>>
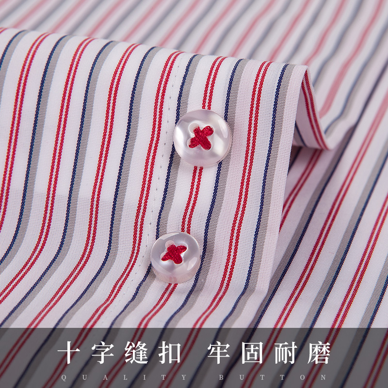 / 夏季純棉免燙抗皺條紋襯衫男短袖襯衣上班正裝商務時尚修身薄款
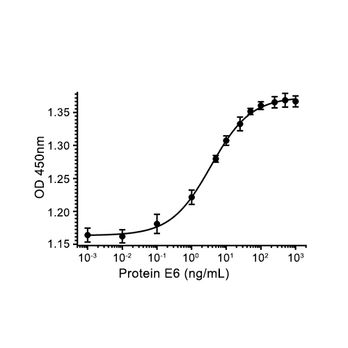 HPV16 E6 是一种病毒磷酸蛋白,具有致癌活性,属人乳头瘤病毒早期蛋白家族。HPV16 E6 通过蛋白酶体降解 pRB 释放 E2F 而激活细胞周期。HPV16 E6 可与 E6 协同永生化细胞并中和 E5 毒性,同时激活 AP-1/NF-κB 通路、下调 E-钙粘蛋白以增强迁移侵袭,是宫颈癌的核心靶点。Protein E6, HPV16 (His) 是重组的 HPV E6 蛋白,由 E. coli 表达,带有 N-6*His 标签。
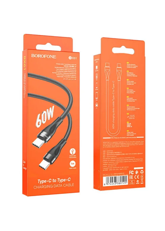 Дата кабель Borofone BX61 Source 60W Type-C to Type-C (1m) Black
<<
**WHAT YOU HAVE TO DO**
The pictures in the listing above are to be dropped, and everything else reproduced exactly.

**FINAL ANSWER**
 / 夏季純棉免燙抗皺條紋襯衫男短袖襯衣上班正裝商務時尚修身薄款
 HPV16 E6 是一种病毒磷酸蛋白,具有致癌活性,属人乳头瘤病毒早期蛋白家族。HPV16 E6 通过蛋白酶体降解 pRB 释放 E2F 而激活细胞周期。HPV16 E6 可与 E6 协同永生化细胞并中和 E5 毒性,同时激活 AP-1/NF-κB 通路、下调 E-钙粘蛋白以增强迁移侵袭,是宫颈癌的核心靶点。Protein E6, HPV16 (His) 是重组的 HPV E6 蛋白,由 E. coli 表达,带有 N-6*His 标签。
 Дата кабель Borofone BX61 Source 60W Type-C to Type-C (1m) Black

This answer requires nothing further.